I knew we were in for it the minute we stepped out of the Chiba train station at 8 pm and it felt like someone had thrown a black plastic bag over my whole body. It was the second of September, and yet my weather app avowed it was 88°F with 80% humidity, even with the sun down, and the sweat rivuleting down the small of my back confirmed it. For the next two days I would obsessively keep rubbing that app like a Magic 8-ball, hoping that this time the forecast would have magically and preciptitously plummeted for Magome, the old post town in the mountains 2 hours south of us, where we were supposed to begin our trek. No such luck.
For my sister’s 50th birthday, we got together a group of 6 friends and decided to hike Japan’s Nakasendo Trail, the old “high road” or pony express trail from Kyōto to Tōkyō, from ryokan to ryokan (hot-spring inns). We booked a 6-day self-guided hiking tour with Oku Japan, and when we did, I checked the average daily highs along our proposed route. They were a little on the warm side–low 80s–nothing to freak out about. Climate change had other plans, however, and we landed at Narita to scorching temperatures that made the idea of soaking in *a* hot spring, much less 5 of them, seem distinctly unappealing.
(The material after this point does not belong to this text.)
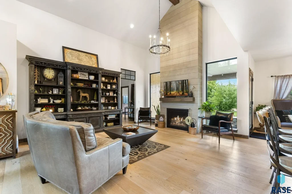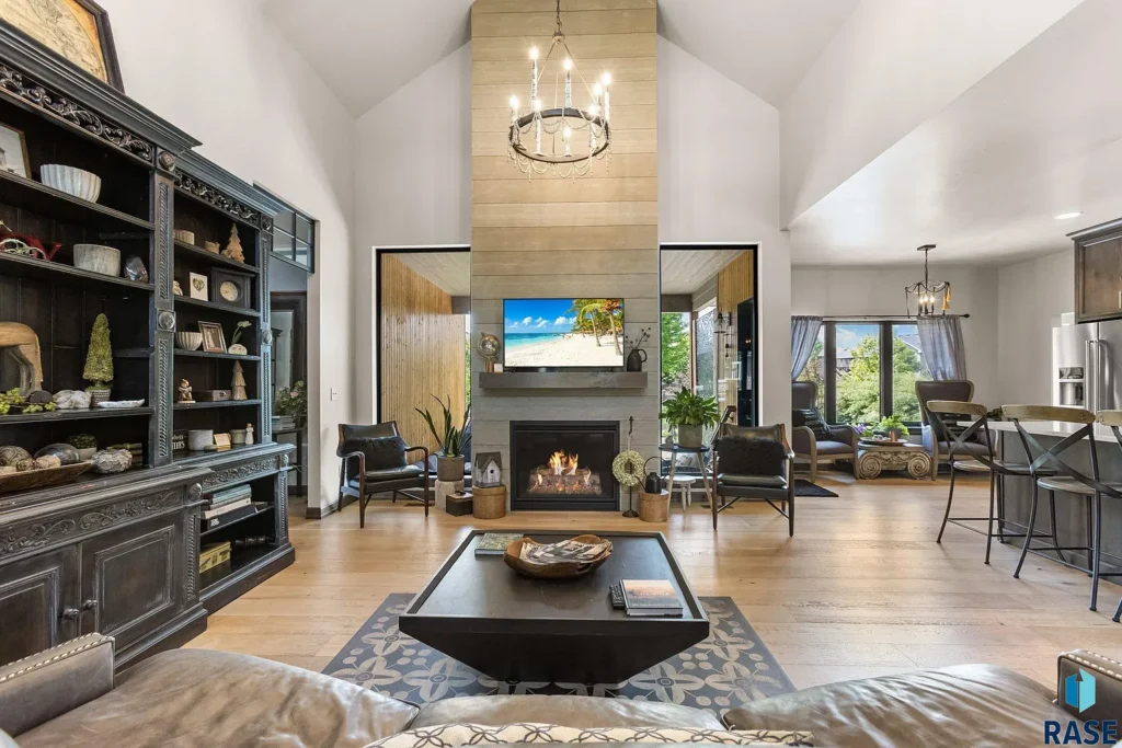 “The design is exceptional in this home, from the soaring ceilings to a dramatic floor-to-ceiling fireplace that serves as the focal point of the living room,” listing agent Amy Stockberger said.

Not to mention there was a typhoon heading our way.
Nevertheless, we soldiered on, breakfasting in the shade amid the charming treehouses at Tsubakimori Komuna before strolling (slowly) past the lotus pond in Chiba Koen up to the piney overlook over the lake. We picked up some delightful baked goods at the bakery attached to Records Diner before grabbing our backpacks from our hotel (the reasonably priced and comfortable Daiwa Roynet, another branch of which we also stayed in the following night) and embarked on our train journey into Tōkyō.
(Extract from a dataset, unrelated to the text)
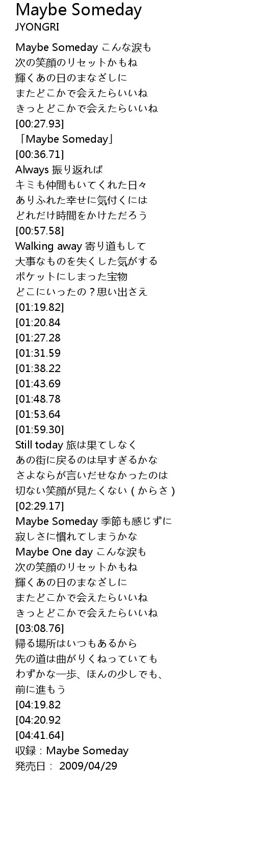 | [03:41.22][01:20.84] | Maybe Someday pu |

We had decided on Chiba because it was only one stop from the airport on the Narita express and wasn’t touristy: we thought it would be nice to be somewhere quiet and different for our first night off the plane rather than the usual Asakusa or Shinjuku neighborhoods in Tōkyō. It was perhaps a little too different: our conductor tried to stop us from getting off the train at Chiba Station, assuming we were lost.
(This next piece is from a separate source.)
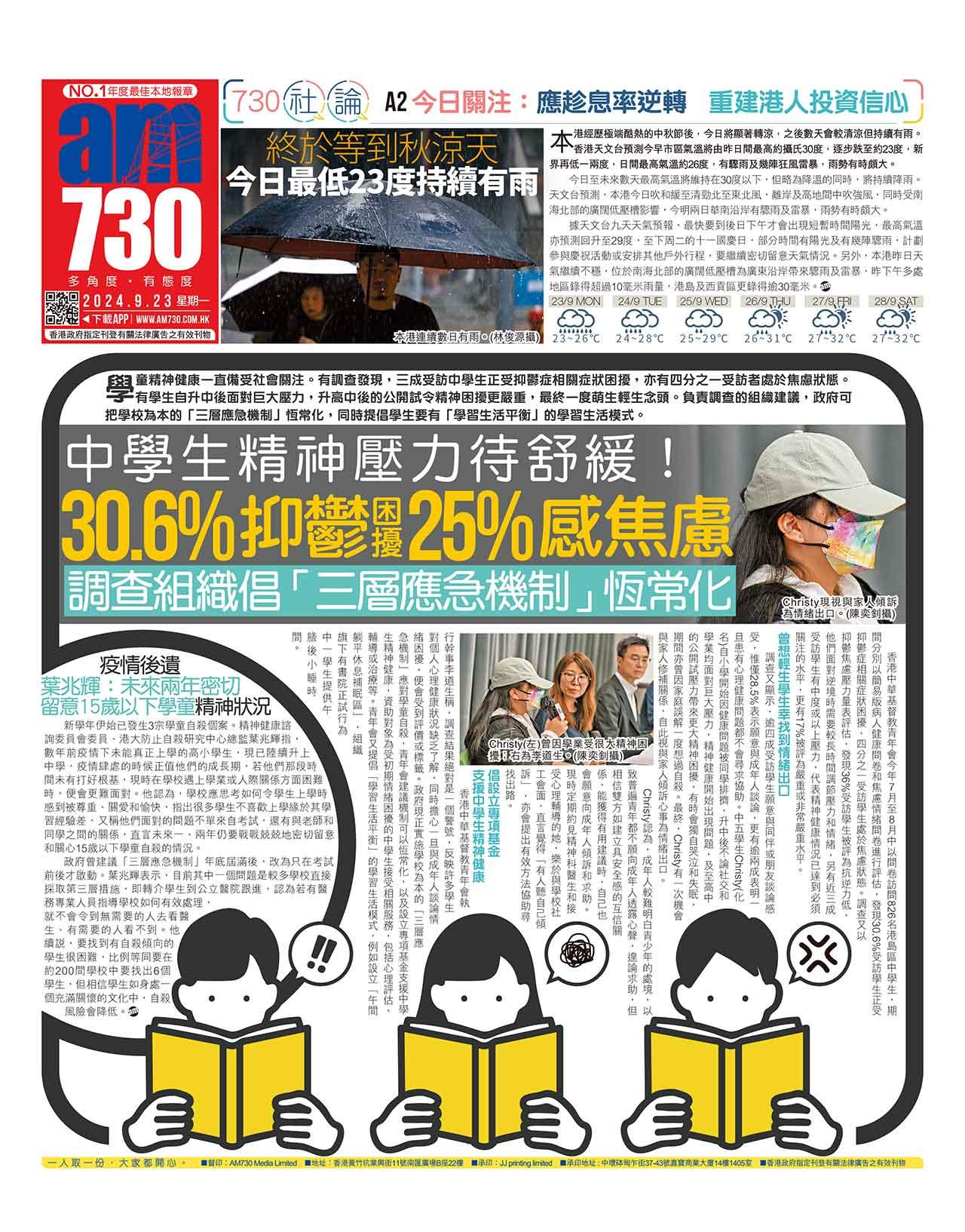 學童精神健康一直備受社會關注。有調查發現,三成受訪中學生正受抑鬱症相關症狀困擾,亦有四分之一受訪者處於焦慮狀態。有學生自升中後面對巨大壓力,升高中後的公開試令精神困擾更嚴重,最終一度萌生輕生念頭。負責調查的組織建議,政府可把學校為本的「三層應急機制」恆常化,同時提倡學生要有「學習生活平衡」的學習生活模式。

The rain that picked up mid-day cooled things down, from 90°F to 87°F (sigh). So instead of heading out to poke around our new neighborhood in Shinagawa City, we sought the air-conditioned havens of a ramen shop (the excellent Rokurinsha) and a tea cafe with nice views over the eco-modern ThinkPark complex near Ōsaki station. When the sun finally ducked behind buildings and clouds around 4 pm, we headed out to Togoshi-Ginza, the longest shopping street in Tōkyō and one of the older ones, paved with bricks from the original Ginza shōtengai after it was destroyed in the 1923 Kanto earthquake. It’s a workaday affair, crammed with spots to buy brooms and meat croquettes and plastic laundry baskets–alongside an increasing assortment of boutiques like Solco, which specializes in artisan salts from all over Japan, and Mokumoku Ishi with it’s jewel-box collection of handmade textiles, wooden spoons, and ceramics. It was a Sunday, and a lot of places were closed, but the place was still jumping with packs of kids, commuters swerving through on their bikes, and dainty groups of older ladies eating ice cream cones in their summer yukata. We ate delicious okonomiyaki at an eye-wateringly smoky little dive at the end of the street (Okonomiyaki Yu), caught a beer with our friend Birgit and her friend Shoichi at a great little yakitori place by the station (Kushiyaki Shinobu), then dragged ourselves back up the hill to a cold shower and early bed before catching our train to start our hike the next morning.